> [Given material]:
== Segment start ==

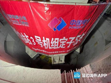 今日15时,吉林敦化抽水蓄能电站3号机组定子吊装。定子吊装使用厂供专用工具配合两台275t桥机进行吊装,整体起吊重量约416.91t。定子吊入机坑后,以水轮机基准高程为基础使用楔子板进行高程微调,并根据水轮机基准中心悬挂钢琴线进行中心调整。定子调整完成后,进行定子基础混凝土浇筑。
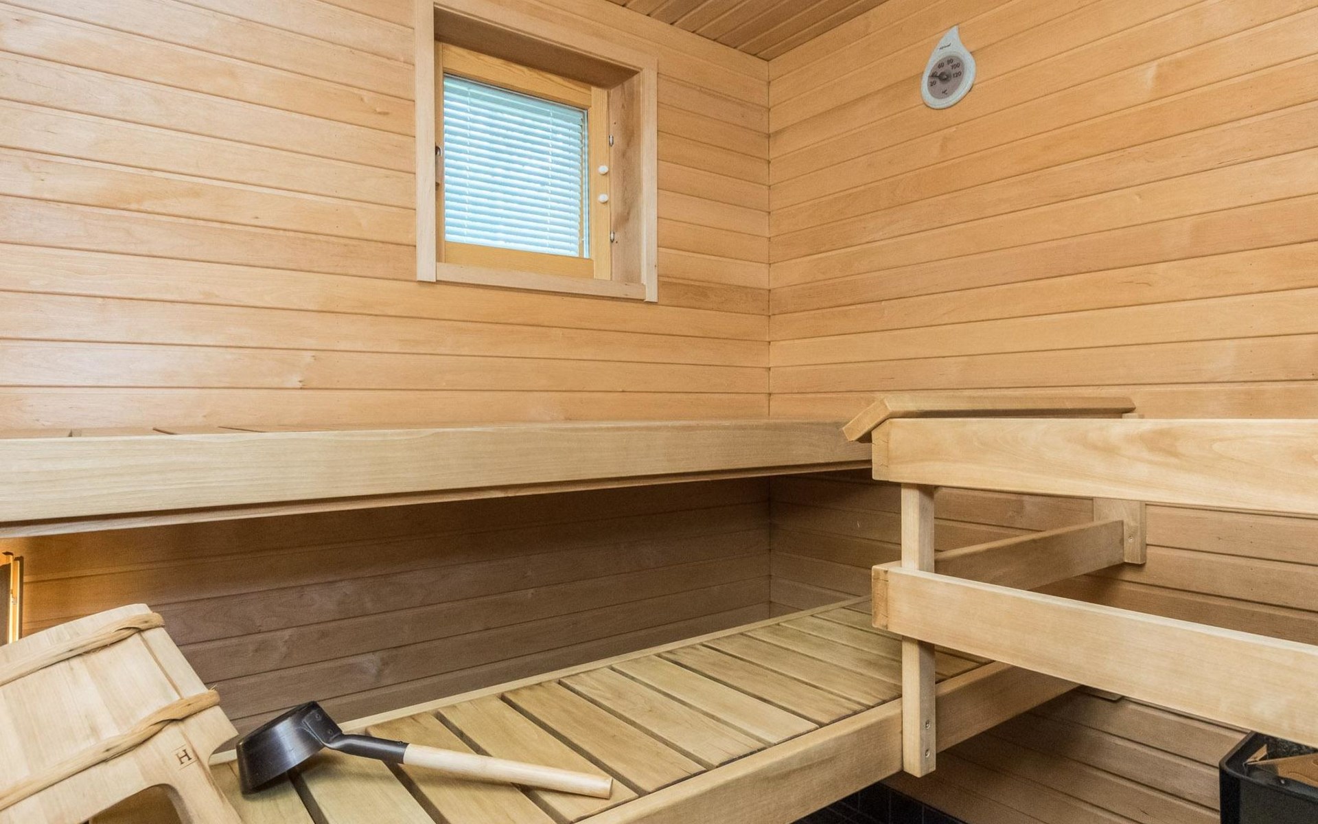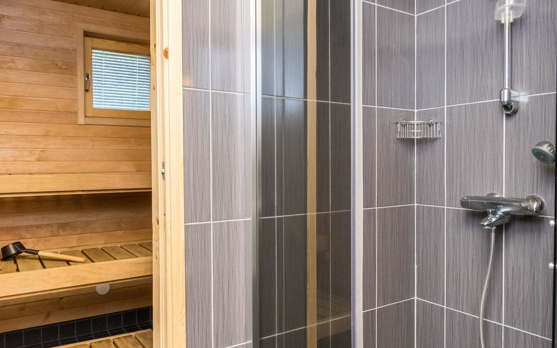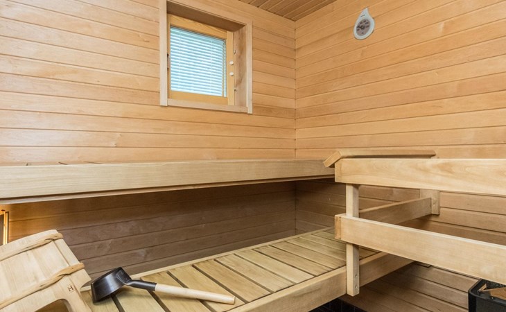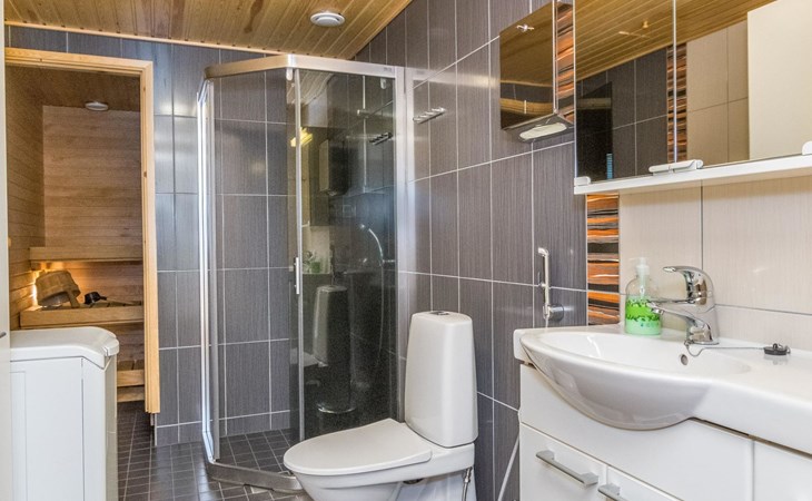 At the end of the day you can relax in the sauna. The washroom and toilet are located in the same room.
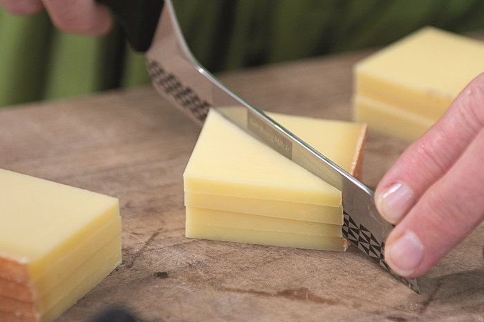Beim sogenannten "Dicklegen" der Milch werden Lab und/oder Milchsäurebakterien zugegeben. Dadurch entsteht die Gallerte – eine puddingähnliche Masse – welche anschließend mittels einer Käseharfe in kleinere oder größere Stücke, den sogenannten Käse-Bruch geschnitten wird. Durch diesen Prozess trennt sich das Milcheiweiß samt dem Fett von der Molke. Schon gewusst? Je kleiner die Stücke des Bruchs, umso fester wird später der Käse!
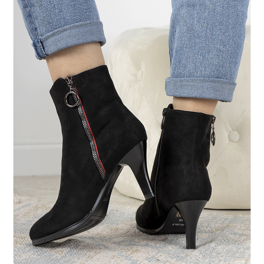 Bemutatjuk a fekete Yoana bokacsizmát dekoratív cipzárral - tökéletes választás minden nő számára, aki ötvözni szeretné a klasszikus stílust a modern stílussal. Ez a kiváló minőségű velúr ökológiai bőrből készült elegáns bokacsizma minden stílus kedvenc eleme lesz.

== Segment end ==

> [The task]: Give the data again exactly as it stands, apart from the pictures.

> [Exercise result]:
 今日15时,吉林敦化抽水蓄能电站3号机组定子吊装。定子吊装使用厂供专用工具配合两台275t桥机进行吊装,整体起吊重量约416.91t。定子吊入机坑后,以水轮机基准高程为基础使用楔子板进行高程微调,并根据水轮机基准中心悬挂钢琴线进行中心调整。定子调整完成后,进行定子基础混凝土浇筑。
 At the end of the day you can relax in the sauna. The washroom and toilet are located in the same room.
Beim sogenannten "Dicklegen" der Milch werden Lab und/oder Milchsäurebakterien zugegeben. Dadurch entsteht die Gallerte – eine puddingähnliche Masse – welche anschließend mittels einer Käseharfe in kleinere oder größere Stücke, den sogenannten Käse-Bruch geschnitten wird. Durch diesen Prozess trennt sich das Milcheiweiß samt dem Fett von der Molke. Schon gewusst? Je kleiner die Stücke des Bruchs, umso fester wird später der Käse!
 Bemutatjuk a fekete Yoana bokacsizmát dekoratív cipzárral - tökéletes választás minden nő számára, aki ötvözni szeretné a klasszikus stílust a modern stílussal. Ez a kiváló minőségű velúr ökológiai bőrből készült elegáns bokacsizma minden stílus kedvenc eleme lesz.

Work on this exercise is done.